Los balances de las tragedias son fríos, se calculan pero son incalculables pues el dolor no se registra: números, datos, tantos por ciento, fallecidos, heridos, los que vinieron, los que se fueron, los que se han quedado con la certidumbre de que serán expulsados, los menores no acompañados, los feriantes, los comercios que cerraron sus persianas. El dolor y el sufrimiento son inmensurables.
Tal vez 100 muertos, tal vez más. Contar, calcular, medir, valorar; compartimentos estancos, ataúdes del olvido, memoria desmemoriada que olvidará el recuerdo de lo pasado. Las estadísticas mienten diciendo la verdad.
Ceuta, que es ignorada en los mapas de los telediarios, se ha mostrado al mundo abriendo el debate sobre la migración, la pobreza, las dictadura que apoya el capitalismo fanático, la Europa de los mercaderes, la guerra o los intereses de las naciones interesadas por ellas mismas a toda costa y por cualquier medio.

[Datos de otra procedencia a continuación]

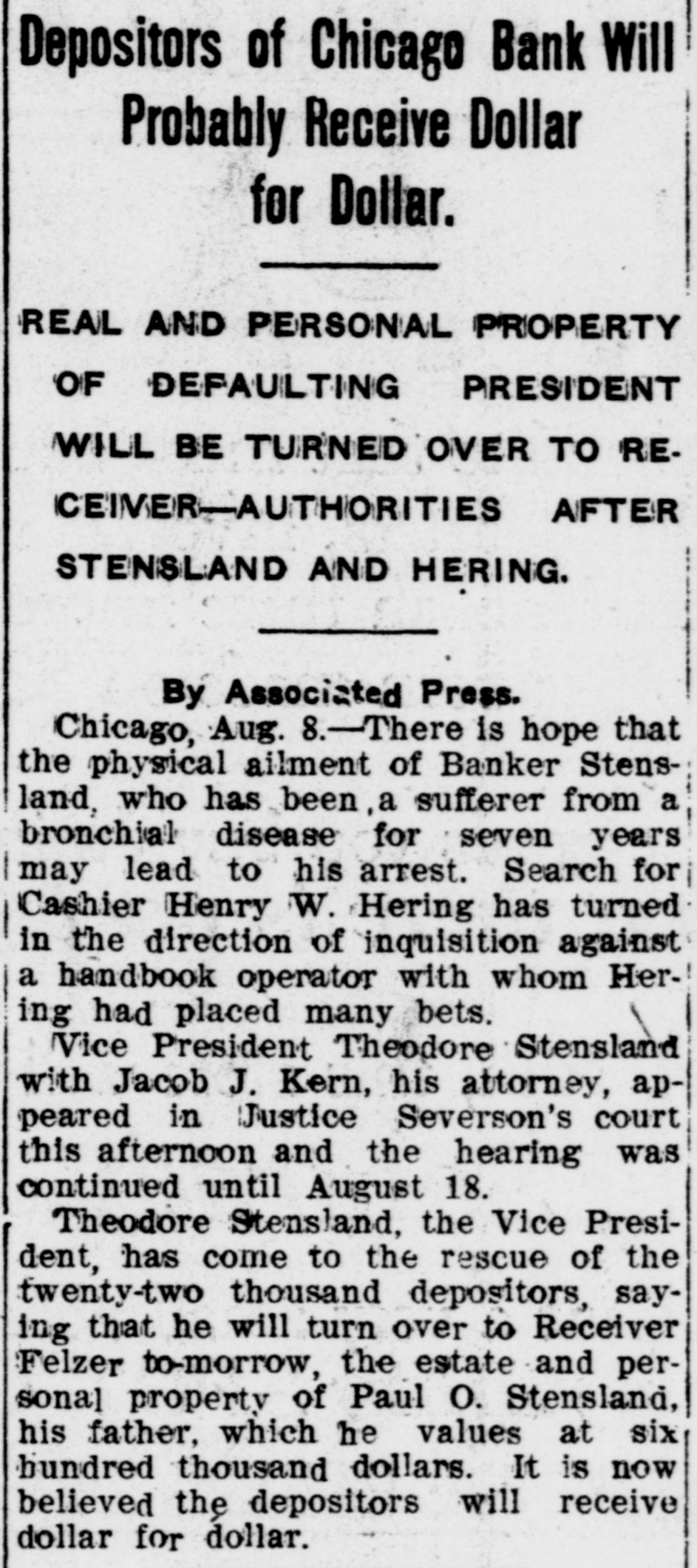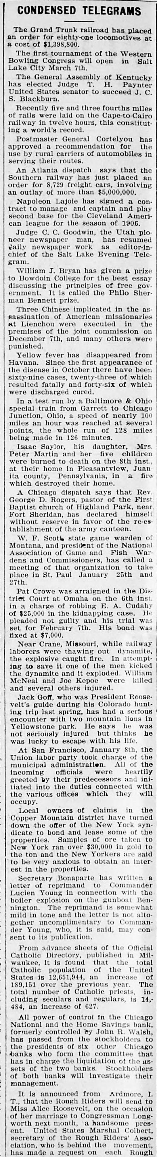 CONDENSED TELEGRAMS an Grand Trunk railroad has placed at The order for eighty-one locomotives a cost of $1,398,800. first tournament of the Western Salt Bowling The Congress will open in Lake City March 7th. The General Assembly of Kentucky Paynter elected Judge T. H. J. has United States senator to succeed C. S. Blackburn. five and three fourths miles Recently were laid on the Cape-to-Cairo constitutrailway of rails in twelve hours, this ing a world's record. Postmaster General Cortelyou has the a recommendation for in approved use by rural carriers of automobiles serving their routes. An Atlanta dispatch says placed that the an railway has just involving Southern for 8.729 freight cars, an order outlay of more than $5,000,000. Napoleon Lajoie has signed and a play conto manage and captain Ameritract base for the Cleveland second can league for the season of 1906. Judge C. C. Goodwin, the Utah resumed pionewspaper man, has editor-inneer newspaper work as Telechief daily of the Salt Lake Evening gram. William J. Bryan has given a prize Bowdoin College for the best essay to the principles of free Sher- govdiscussing ernment. It is called the Philo man Bennett prize. Chinese implicated in the asThree of American missionaries the eassination Lienchou were executed in at of the joint commission were on premises December 7th, and many others punished. Yellow fever has disappeared from of Since the first appearance been Havana. in October there have the disease cases, twenty-three of of which which sixty-nine resulted fatally and forty-six were discharged cured. test run by a Baltimore Chicago & Ohio In a train from Garrett to 100 special Ohio, a speed of nearly several Junction, hour was reached at miles miles points, an the whole run of 128 being made in 126 minutes. Isaac Saylor, his daughter, children Mrs. Martin and her five inst., Peter burned to death on the 8th Juan were their home in Pleasantview, a fire ita at county, Pennsylvania, in which destroyed their home. Chicago dispatch says that the First Rev. A D. Rogers, pastor of Park, near Baptist George church of Highland declared himself Fort Sheridan, reserve has in favor of the re-establishment without of the army canteen. F. Scott state game warden National of Montana, W. and president of the Fish War Association of Game and and Commissioners, has called take a dens of that organization to and place meeting in St. Paul January 25th 27th. Crowe was arraigned in the inst. DisPat Court at Omaha on the 6th Cudahy triet charge of robbing E. A. He in $25,000 a in the kidnapping case. was of not guilty and his trial set pleaded for February 7th. His bond was fixed at $7,000. Near Crane, Missouri, while dynamite, railway laborers were thawing out attemptthe explosive caught fire. In kicked save it one of the men William the ing dynamite to and it exploded. were killed McNeal and Joe Kepoe and several others injured. Goff, who was President Roose- huntvelt's Jack guide during his Colorado serious last spring, has had a lions in ing trip with two mountain was encounter Yellowstone park. He says thinks he he seriously injured but life. was not lucky to escape with his San Francisco, January 8th, of the the Union At labor party took charge All of the municipal administration. officials were heartily and incoming by their predecessors with inigreeted into the duties connected will tiated the various offices which they occupy. owners of claims in turned the Local Mountain district have synCopper the offer of the New York down to bond and lease some taken of the to dicate Samples of ore gold to properties. York ran over $30,000 in said New and the New Yorkers are to the be ton very anxious to obtain an interest in the properties. Secretary Bonaparte has Commander written a of reprimand to with the letter Young in connection BenLucien explosion on the gunboat boiler The reprimand is somewhat altonington. tone and the letter is Comman- not mild in uncomplimentary to congether der Young, who, it is said, may sent to its publication. advance sheets of the Official Catholic From Directory, published the in total Milit is found that United waukee, population of the of Catholic is 12,651,944, an increase The States over the previous year. 189,151 number of Catholic priests, intotal cluding seculars and regulars, is 14, 484, an increase of 627. All power of control in the Chicago bank, and the Home Savings National formerly controlled by John R. Walsh, to has passed from the stockholders Chicago presidents of six other that the who form the committee banks in charge the liquidation of the as has of the two banks. Stockholders of sets both banks will investigate their management. is announced from Ardmore, I. It the Rough Riders will send to T., that Alice Roosevelt, on the occasion Long. of Miss her marriage to Congressman presnext month, a handsome worth States Marshal Colbert, of the Rough Assowho is behind the movement, secretary ciation, ent. United Riders' has made a request on each Rough

Cuando la tempestad se disipaba llegó la más absoluta de la epidemia que avanza a pasos agigantados:
Núcleo Nacional, una organización y partido político de extrema derecha con una ideología de corte neonazi en España, enfocado en atraer a jóvenes a través de redes sociales y protestas callejeras.
Alvise Pérez, populista, agitador en redes sociales, de extrema derecha por sus postulados nacionalistas, y anti-inmigración. Condenado por bulos, estafas, robos, un mafioso que presume luchar contra la mafia.
Santiago Abascal no vino a poner paz ni a calmar los ánimos, no habló de esperanza, de tolerancia, de unión de las fuerzas políticas ni del respaldo a cómo hemos decidido vivir en Ceuta.
Desde Elche, a cientos de kilómetros de Ceuta, he gastado horas hablando de nuestra tierra charlando con familiares, vecinos, amigos, compañeros y a todos los que se han interesado por el tema. La Ceuta de la libertad, la de la convivencia, la de la solidaridad, la Ceuta luchadora, la Ceuta de los que estamos al pie del “Cañonazo” para mejorarla en todos los sentidos.
Mucho he oído y leído de nuestro delegado del Gobierno: insultos, descréditos, acusado por no plantarle cara al Gobierno. No he escuchado nada sobre la impecable actuación para frenar a los grupos ultras que quisieron “incendiar Ceuta”.
No ha habido comentarios sobre la planificación, estrategias, fuerzas de seguridad y protocolo diseñado por el equipo de Miguel Triano.
¿De qué es culpable? ¿Sabemos qué puede hacer en una situación como la que hemos vivido mientras trabajaba hasta la extenuación escuchando “Pedro Sánchez, hijo de Puta”.
El no responder a los insultos, las provocaciones, las iras descontroladas; su silencio también es un grito que apacigua en los momentos de la tempestad.
Gracias en nombre de tantos que te conocemos.